4. Population Data (Population table .csv and CSD shapefile)
The population data include a .csv table that has Census Subdivision (CSD) codes as unique identifiers of each CSD (‘Geography’) as well as the population count from the 2021 Census of Canada. Other data variables are defined in the data dictionary that can be found on the Statistics Canada website. The shapefile of CSD boundaries that matches this file is also included. Join these tables using the CSD unique ID as the primary key then clip the layer to the Ontario Health West region. Ensure all layers are in the UTM Zone 17N map projection.
Cleaning the population data:
1. Load the .csv of population data into QGIS
2. Open the attribute table and review the dataset. Check for the cells that may have values other than numbers. We want to have standard data for the CSD primary key and the population count.
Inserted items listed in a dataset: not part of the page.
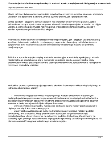 Prezentacja skutków finansowych nadwyżki wartości aportu powyżej wartości księgowej w sprawozdaniu Wpisany przez dr Andre Helin Ujęcie różnicy z tytułu wyceny aportu jako przychodów przyszłych okresów, do czasu sprzedaży udziałów, jest sprzeczne z zawartą umową cywilno-prawną, jak i przepisami Ksh. Wkład aportem i objęcie w zamian udziałów ma charakter umowy cywilno-prawnej, gdzie jednostka wnosząca aport zrzeka się prawa własności do danego majątku w zamian za objęte udziały, a jednostka przejmująca nabywa prawa własności do danego majątku, płacąc w zamian wyemitowanymi udziałami lub akcjami. Późniejsze zmiany zarówno w wartości wniesionego majątku, jak i objętych udziałów/akcji są wynikiem działalności podmiotu przejmującego, a podmiot obejmujący udziały/akcje może dysponować tymi walorami niezależnie od wcześniej wniesionego majątku do podmiotu przejmującego. Różnice w wycenie majątku między wartością ewidencyjną a wartością wynikającą z wkładu niepieniężnego opodatkowuje się w momencie wniesienia aportu, a w przypadku, kiedy przedmiotem wkładu jest zorganizowana część przedsiębiorstwa, opodatkowanie następuje w momencie sprzedaży udziałów. Wnioski te prowadzą do następującego ujęcia skutków finansowych wkładu niepieniężnego w jednostce obejmującej udziały: - w momencie rejestracji wkładu niepieniężnego wartość składników majątkowych będących podstawą aportu należy ująć w wartości adekwatnej do objętych udziałów/akcji w pozostałych przychodach operacyjnych; stroną przeciwstawną jest zaksięgowanie objętych walorów w takiej samej wartości jako aktywa finansowe; - wartość ewidencyjną majątku tworzącego podstawę aportu należy przeksięgować w ciężar pozostałych kosztów operacyjnych; - w przypadku występującego zysku na transakcji należy obliczyć należny podatek dochodowy, a w przypadku, kiedy przedmiotem aportu jest zorganizowana część przedsiębiorstwa, utworzyć rezerwę na odroczony podatek dochodowy. Zrealizowany na transakcji zysk podlega opodatkowaniu w przypadku sprzedaży udziałów po cenie wyższej niż pierwotna wartość księgowa wniesionego aportem majątku. 1/2 Prezentacja skutków finansowych nadwyżki wartości aportu powyżej wartości księgowej w sprawozdaniu Wpisany przez dr Andre Helin Zarówno w praktyce, jak i w literaturze fachowej dają się zaobserwować tendencje do ujęcia różnicy z tytułu wyceny aportu jako przychodów przyszłych okresów, do czasu sprzedaży udziałów. Takie podejście jest sprzeczne z zawartą umową cywilno-prawną, jak i przepisami Kodeksu spółek handlowych. Ujęcie nadwyżki z tytułu wyceny aportu sugeruje bowiem niepewność jednostki sprawozdawczej co do okresu realizacji przychodów lub - co gorzej - kwestionuje realność wyceny aportu. Jak wspomniano, transakcja związana z wniesieniem aportu jest zrealizowana od momentu zarejestrowania objęcia udziałów/akcji. W tym momencie następuje bowiem ostateczna cesja praw własności związanych z aktywami tworzącymi podstawę wkładu niepieniężnego. Nie występuje zatem niepewność co do momentu realizacji przychodów ani też co do okresu ich powstania. Pozostaje więc niepewność co do wyceny wartości aportu, a ta - jak wiadomo - jest sprzeczna z postanowieniem Kodeksu spółek handlowych. 2/2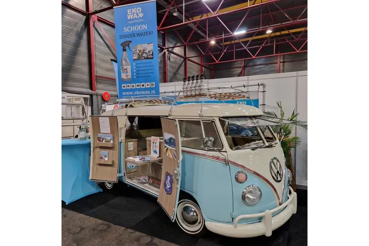 LEEUWARDEN - Al vele jaren heeft Noord Nederland zijn eigen kampeerbeurs, genaamd de Caravana in Leeuwarden. Ook Ekowax Cleaning Products is hier weer aanwezig met een fraaie stand, met ditmaal een schitterende gerestaureerde VW T1 met kampeer uitrusting van Vintage Ride uit Workum op de stand.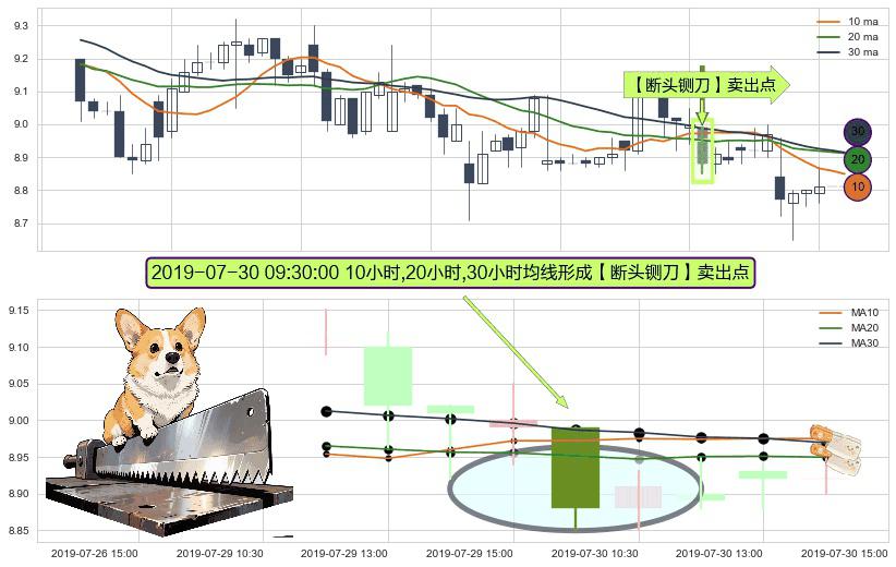 形态多维评估: ⚀ 2019-07-30 09:30:00小时显现 10小时-20小时-30小时均线 【断头铡刀】卖出点 看空信号,后市看跌,卖出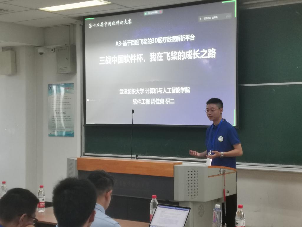 学子周佳爽凭借其优异表现以及丰富的参赛经历,受邀参加了百度举行的“飞浆国赛交流会”,并以《三战中国软件杯,我在飞桨的成长之路》为主题作了报告,与大家分享了比赛经历、收获与成长历程。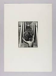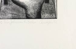 1981. Holzschnitt, in Schwarz, auf glattem hellchamois Karton. – Originale Künstlergrafik, von Christa Jahr. – Auflage Exemplar Nr. 30/35. – 18,3 x 13,7 cm (Darstellung / Druckbild), 48 x 34 cm (Blatt).
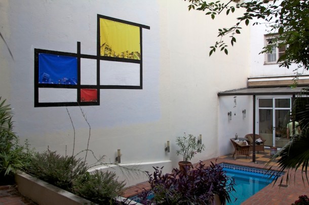 3×2 metros, técnica mixta de fotografías sobre vinilo mas pintura, instalación site specific en el muro de un jardín bajo el mismo cielo/edificios fotografiado en las imágenes.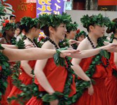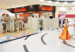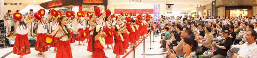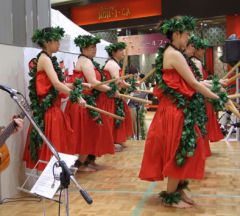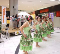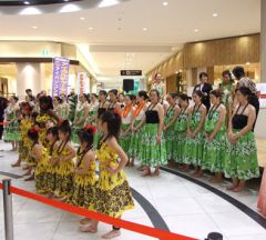 ハワイアンフラは始まる前から、お客様でいっぱい!フラの曲が流れると2階、3階まで、お客様で埋め尽くされました!見ている方も自然と体がフラフラ〜♪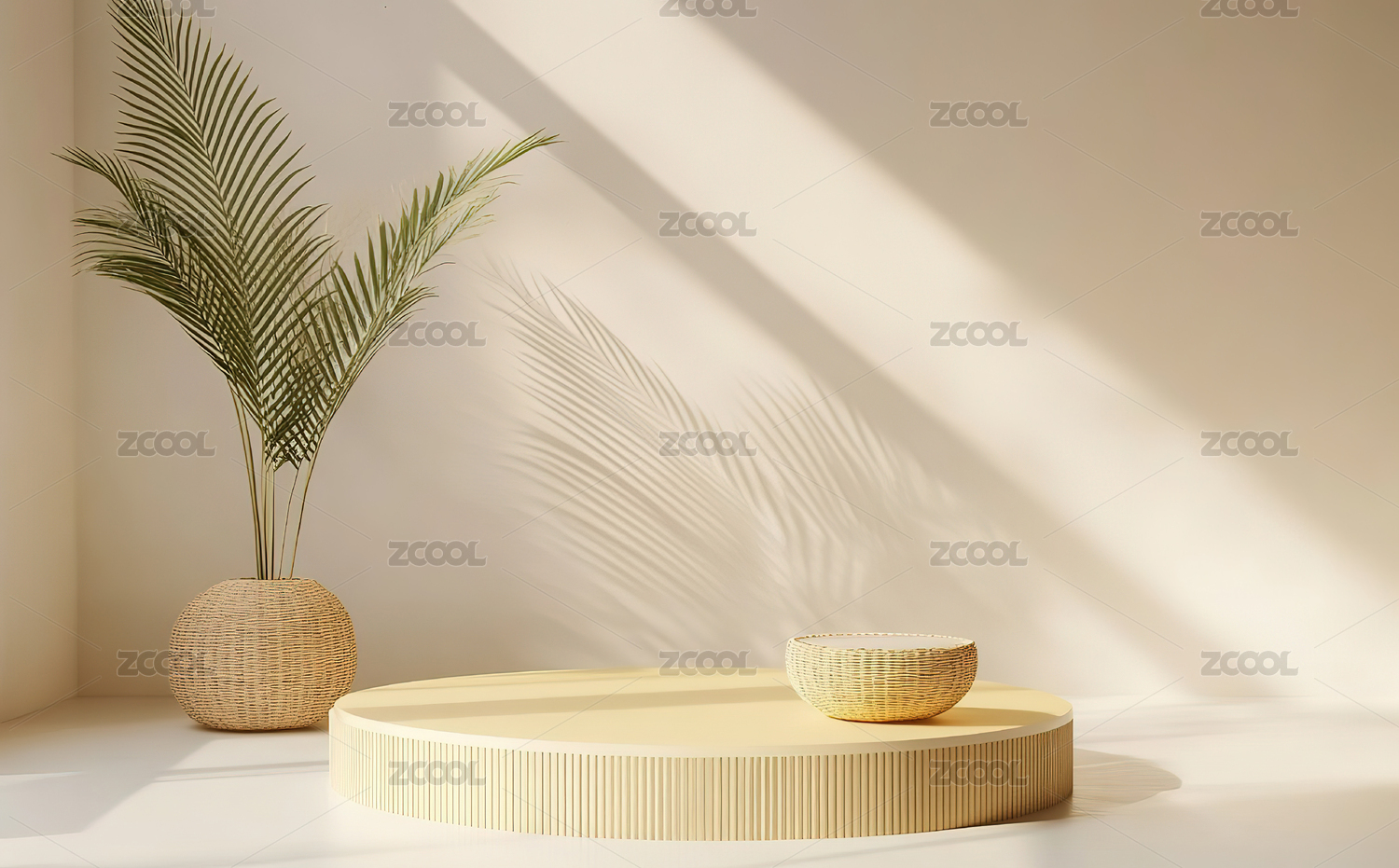 浅色墙面木架绿植光影简约空间
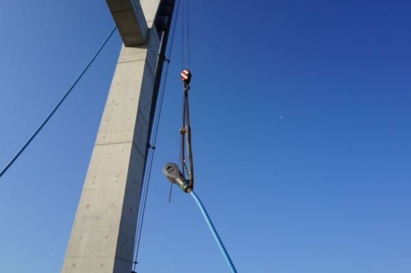 - Stahlbetonpylon mit stählernem Einbauteil zum Anschluss der Seile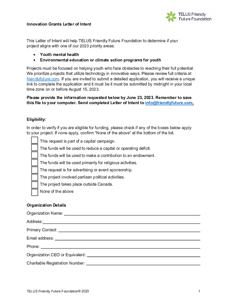 Innovation Grants Letter of Intentions Letter of Intent will help TELUS Friendly Future Foundation to determine if your project aligns with one of our 2023 priority areas: Youth mental health Environmental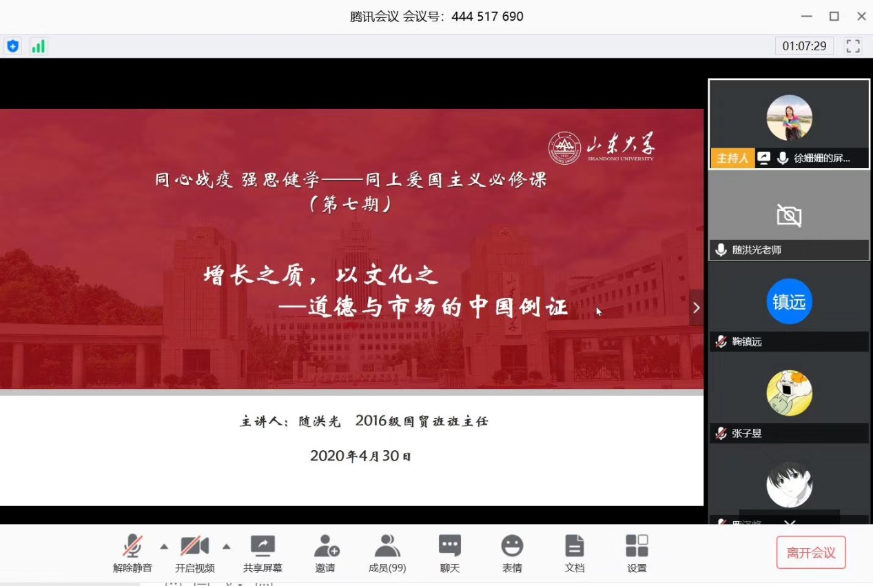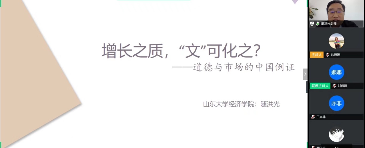 4月30日,beats365亚洲版官网“同心战疫,强思健学”——同上“爱国主义必修课”主题讲座第七期在线上举行。2016级国贸班班主任、beats365亚洲版官网副教授、硕士生导师随洪光作为主讲嘉宾,作了题为“增长之质,以文化之——道德与市场的中国例证”的报告。活动由公司党委副书记林竹主持。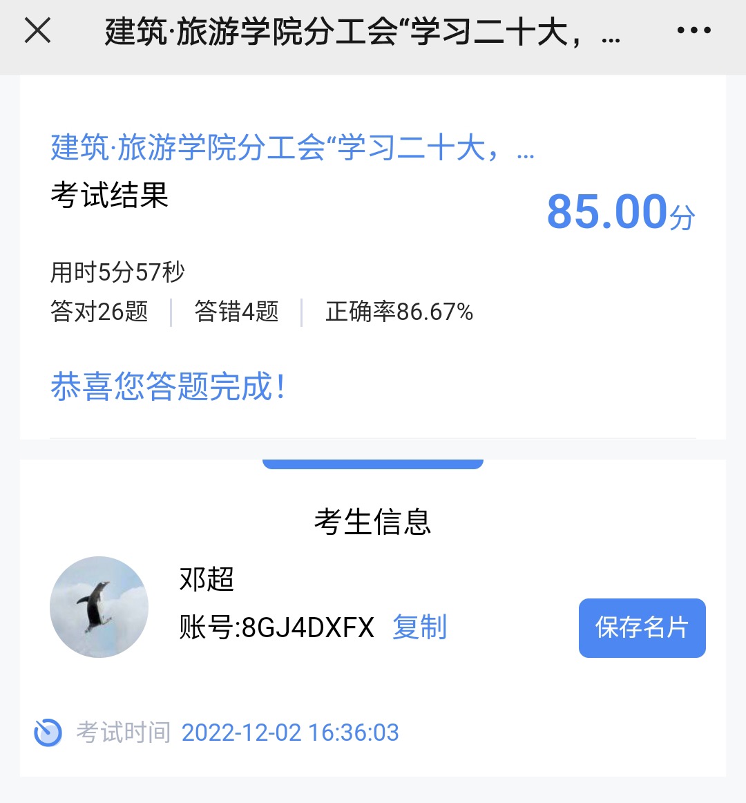 本次比赛采用为期1天线上答题形式,知识竞赛主要围绕党的二十大报告内容,延伸了中国共产党党史、党的十九大和十九届历次全会精神、习近平总书记重要讲话和重要指示批示精神等多个知识点。答题时,老师们冷静分析、认真思考、从容应答,充分展示了学院教职工扎实的知识储备和昂扬向上、奋勇争先的精神面貌。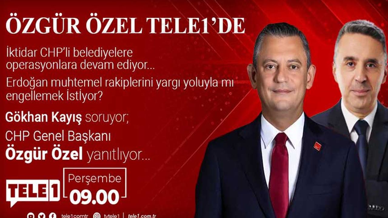 Cumhuriyet Halk Partisi Genel Başkanı Özgür Özel TELE1'de Gökhan Kayış'ın programına konuk oluyor. Özel gündeme dair en çok merak edilen sorulara yanıtlayacak. Özgür Özel saat 09:00'da TELE1 ekranlarında olacak.

3. Toggle on editing for this population data table
4. In the Field Calculator, create a new field called CSD_ID that is the same data type as the CSD ID field in the shapefile of CSD boundaries that you will join to.
5. Use the following SQL expression to check for valid CSD IDs and populate the new field with valid CSD IDs. We can see that a valid ID is 7 numbers long. Anything else will be set to a NULL value:
CASE
WHEN regexp_match("Geography", '^\\d{7}$') THEN "Geography" ELSE NULL
END
6. Create a new field for the population count data called Pop2021 that is
numeric and only accepts values from the original column (“ Population,
2021) that matches a number format, and the rest of the values are set to NULL. This will allow the column to be numeric. If any values are copied that arent numeric, the column data type wont be set as such. Ensure you update the fields to match the field names:
CASE
WHEN regexp_match("Population", '^[0-9]+$') THEN to_int("Population") ELSE NULL
END
7. Save your edits and toggle off editing
8. Join the population count data to the CSD boundary shapefile
a. Right click on the CSD boundary
shapefile. Properties > Joins > Add Join button (green plus sign in the bottom left)
9. Join Layer – set to population data .csv file
10. Join Field – set to the CSD ID in the .csv file
11.Target Field – set to the CSDUID in the CSD boundary shapefile. Click OK then OK again
12.Ensure your layer is in the CRS UTM Zone 17N 13.Check the geometry validity of your new layer:
a. Vector > Geometry Tools > Check Validity
i. Enter the CSD boundary file, set the output file, and Run to fix geometries
ii. This means that the layer might be missing spatial
components or it may be corrupted. This tool fixes these issues.
14. A spatial index is a data structure that allows for queries. The CSD boundary layer doesn’t have this, which can make tools like Clipping
take a long time or even fail. We can create a spatial index:
a. Right click on the layer > Properties > Source tab
i. Under the source tab find the Geometry section. There will be a button for Create Spatial Index. Select this.
15.Clip your projected layer of CSD boundaries with population counts to the OH West region using the Clip tool (Vector > Geoprocessing > Clip)
` Step 3: Create CSD Centroids
16.Now we want to convert our CSD polygons to points called centroids. This will provide the origin (starting destination) or incident point for our network analysis. We want to calculate the drive distance from each CSD centroid to the nearest PCI centre, this will give us a reasonable approximation of the drive distance for the entire CSD polygon.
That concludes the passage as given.